**WHAT IS EXPECTED:** For the material below, the expected output is exactly the lines between the line holding "图一:德国发电量结构及发展趋势图" and the line holding "Immunofluorescence staining of", inclusive, with pictures left out.

**RECORD EXCERPTS:**
= = = = =

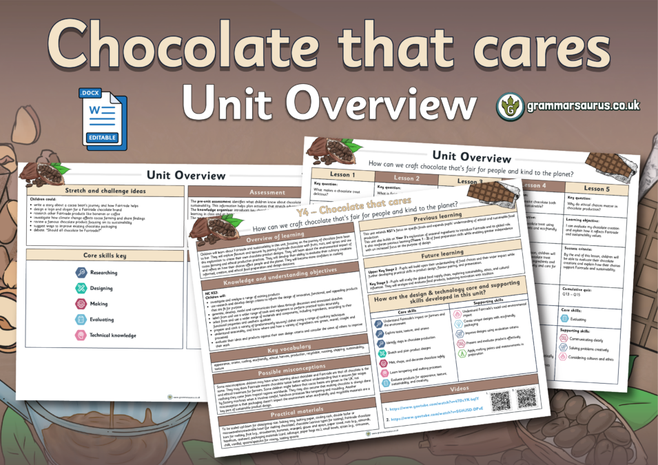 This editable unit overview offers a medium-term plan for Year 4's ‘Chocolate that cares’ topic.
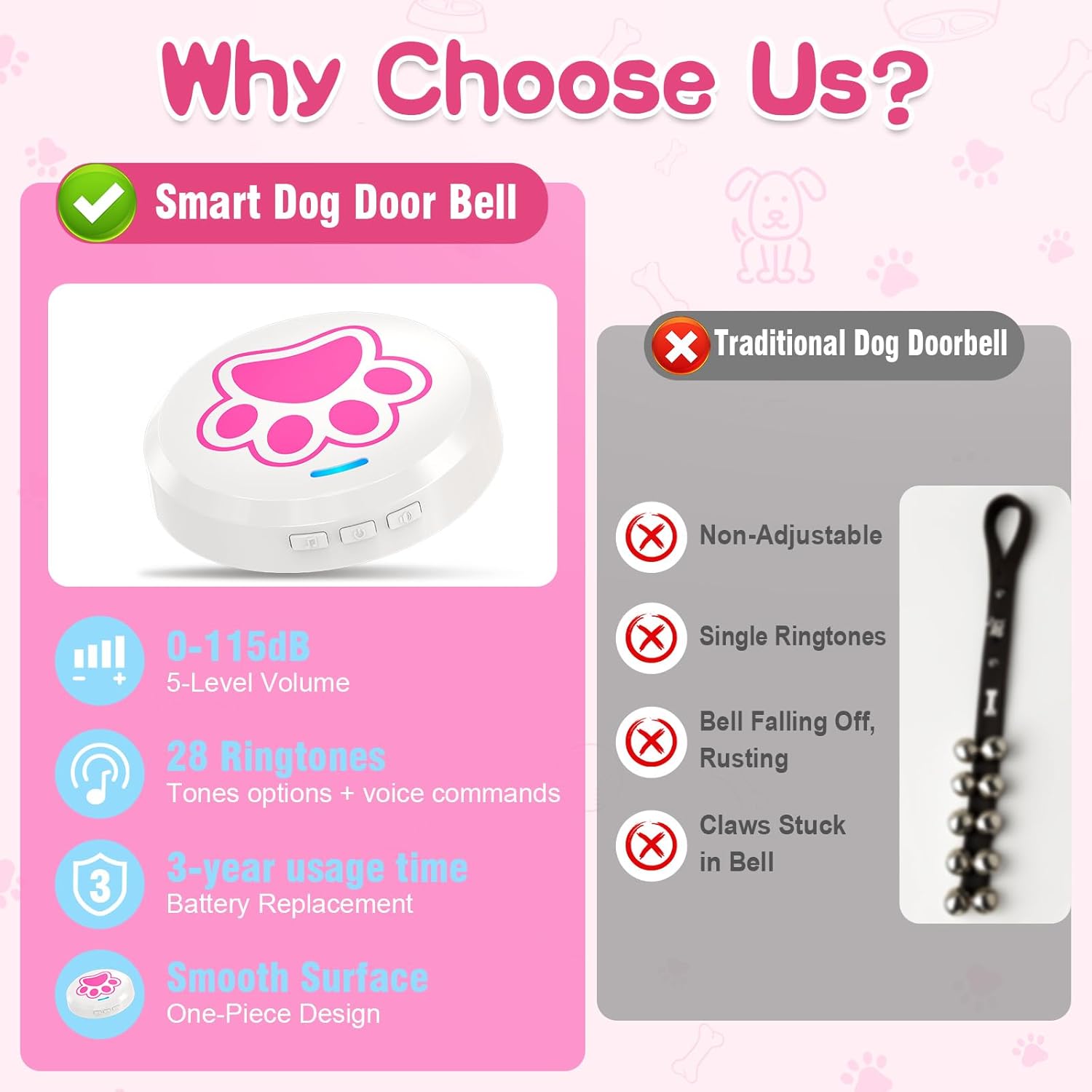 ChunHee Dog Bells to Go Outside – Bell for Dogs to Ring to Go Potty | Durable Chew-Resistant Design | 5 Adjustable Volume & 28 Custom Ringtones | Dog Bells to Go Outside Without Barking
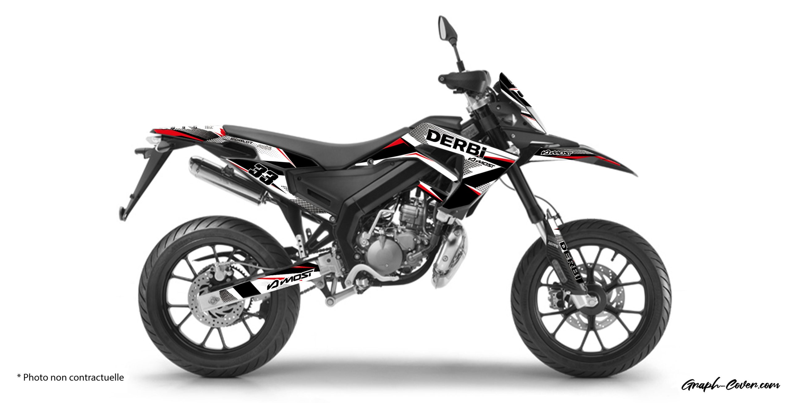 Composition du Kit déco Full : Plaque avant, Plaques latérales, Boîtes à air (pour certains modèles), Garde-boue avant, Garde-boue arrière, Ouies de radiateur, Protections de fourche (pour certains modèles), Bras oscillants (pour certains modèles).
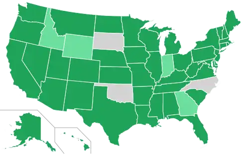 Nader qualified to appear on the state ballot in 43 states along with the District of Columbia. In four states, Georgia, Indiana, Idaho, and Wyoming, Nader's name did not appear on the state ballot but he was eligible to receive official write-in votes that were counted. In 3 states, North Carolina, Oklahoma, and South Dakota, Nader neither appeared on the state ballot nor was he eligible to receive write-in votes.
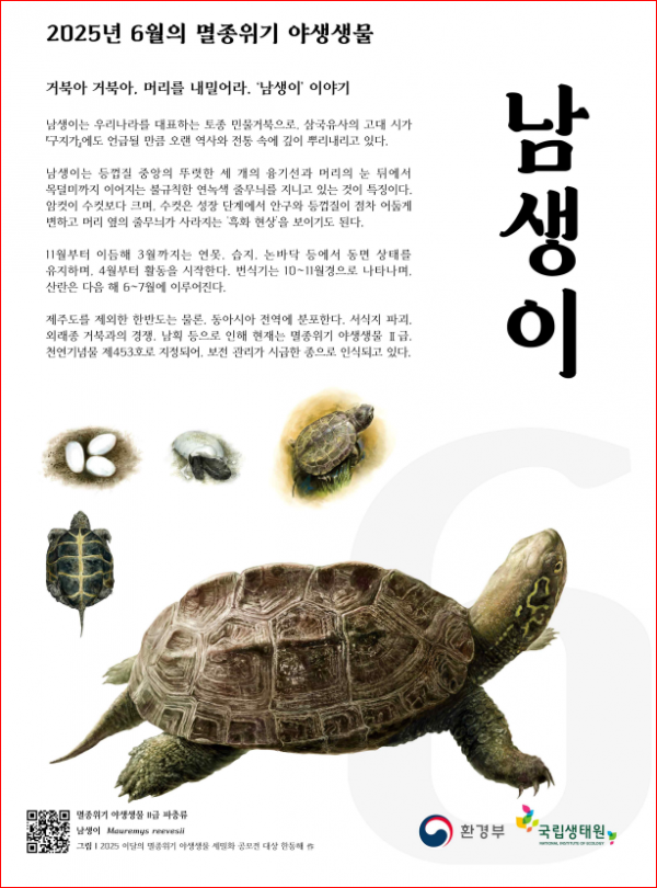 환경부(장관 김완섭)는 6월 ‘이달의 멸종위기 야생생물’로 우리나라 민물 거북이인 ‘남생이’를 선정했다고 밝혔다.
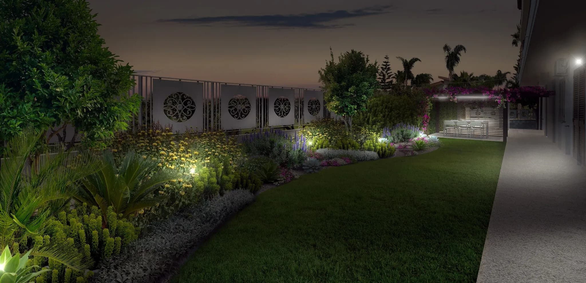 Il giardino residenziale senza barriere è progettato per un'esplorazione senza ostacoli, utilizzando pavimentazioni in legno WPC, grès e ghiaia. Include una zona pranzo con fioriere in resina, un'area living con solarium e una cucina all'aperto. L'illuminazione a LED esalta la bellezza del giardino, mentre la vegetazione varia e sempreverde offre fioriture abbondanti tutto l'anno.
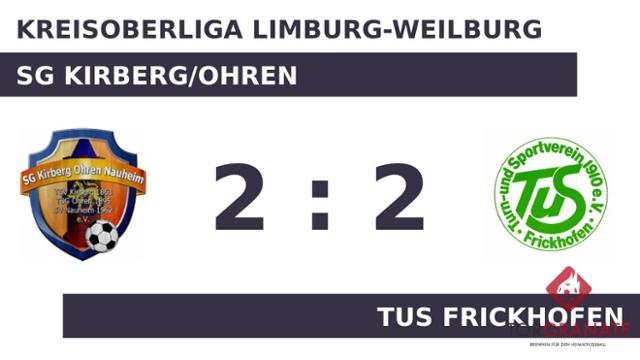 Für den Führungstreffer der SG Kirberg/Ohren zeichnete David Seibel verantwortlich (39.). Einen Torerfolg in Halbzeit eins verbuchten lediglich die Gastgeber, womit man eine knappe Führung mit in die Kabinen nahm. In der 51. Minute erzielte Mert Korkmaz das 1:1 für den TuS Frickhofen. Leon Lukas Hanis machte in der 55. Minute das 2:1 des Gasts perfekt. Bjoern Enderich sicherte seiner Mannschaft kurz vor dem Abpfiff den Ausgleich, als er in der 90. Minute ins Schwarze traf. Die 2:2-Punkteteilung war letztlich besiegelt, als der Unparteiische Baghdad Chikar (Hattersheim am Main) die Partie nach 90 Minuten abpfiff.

= = = = =

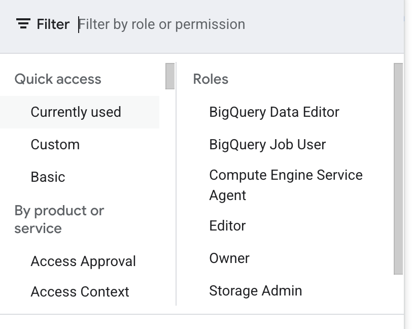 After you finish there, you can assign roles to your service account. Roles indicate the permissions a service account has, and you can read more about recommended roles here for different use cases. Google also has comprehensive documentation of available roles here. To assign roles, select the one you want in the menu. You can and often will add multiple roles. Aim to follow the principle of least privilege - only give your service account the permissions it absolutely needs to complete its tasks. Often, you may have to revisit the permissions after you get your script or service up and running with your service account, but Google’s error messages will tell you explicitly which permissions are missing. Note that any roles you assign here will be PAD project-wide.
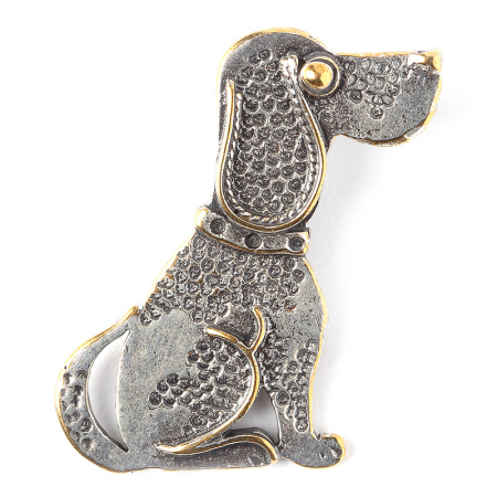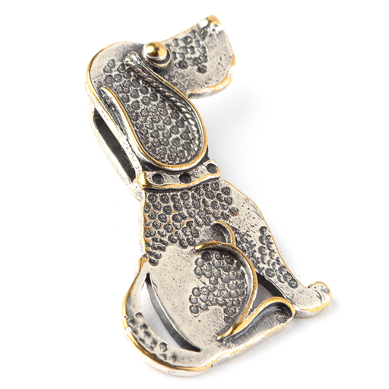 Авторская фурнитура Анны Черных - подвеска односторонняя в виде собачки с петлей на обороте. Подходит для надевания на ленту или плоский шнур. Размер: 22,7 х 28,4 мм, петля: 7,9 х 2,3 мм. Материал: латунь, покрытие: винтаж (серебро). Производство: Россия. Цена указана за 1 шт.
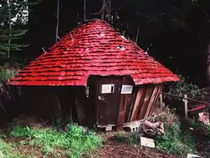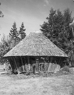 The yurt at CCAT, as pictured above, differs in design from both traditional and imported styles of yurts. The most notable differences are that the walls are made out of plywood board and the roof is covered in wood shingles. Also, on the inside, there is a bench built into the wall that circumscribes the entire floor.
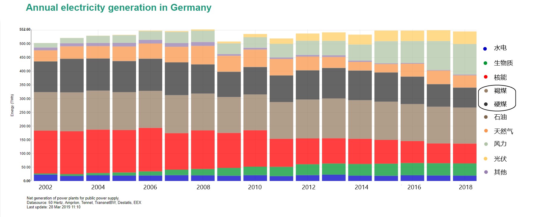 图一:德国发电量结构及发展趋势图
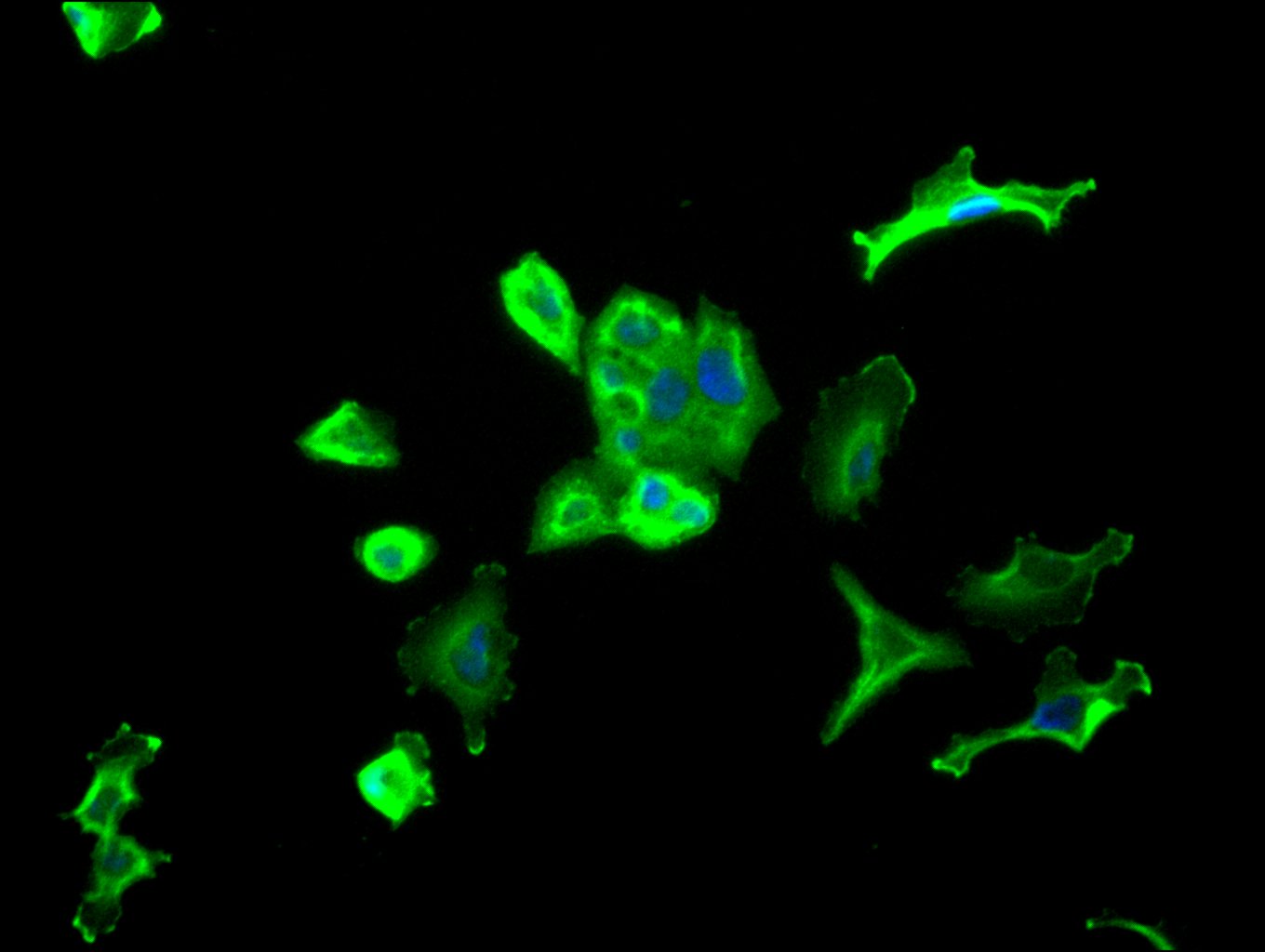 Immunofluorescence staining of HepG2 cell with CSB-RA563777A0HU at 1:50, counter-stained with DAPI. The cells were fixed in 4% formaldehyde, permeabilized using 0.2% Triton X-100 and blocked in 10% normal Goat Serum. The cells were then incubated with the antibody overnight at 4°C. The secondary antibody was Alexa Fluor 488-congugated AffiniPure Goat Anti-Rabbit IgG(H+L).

= = = = =

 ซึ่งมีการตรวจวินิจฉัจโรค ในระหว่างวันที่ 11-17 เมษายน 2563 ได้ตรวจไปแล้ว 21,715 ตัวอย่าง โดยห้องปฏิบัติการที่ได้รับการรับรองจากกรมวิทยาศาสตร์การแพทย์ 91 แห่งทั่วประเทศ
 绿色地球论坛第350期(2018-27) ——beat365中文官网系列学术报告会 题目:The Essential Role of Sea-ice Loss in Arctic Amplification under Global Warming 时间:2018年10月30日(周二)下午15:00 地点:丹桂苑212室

= = = = =

**SOLUTION TO THIS TASK:**
 图一:德国发电量结构及发展趋势图
 Immunofluorescence staining of HepG2 cell with CSB-RA563777A0HU at 1:50, counter-stained with DAPI. The cells were fixed in 4% formaldehyde, permeabilized using 0.2% Triton X-100 and blocked in 10% normal Goat Serum. The cells were then incubated with the antibody overnight at 4°C. The secondary antibody was Alexa Fluor 488-congugated AffiniPure Goat Anti-Rabbit IgG(H+L).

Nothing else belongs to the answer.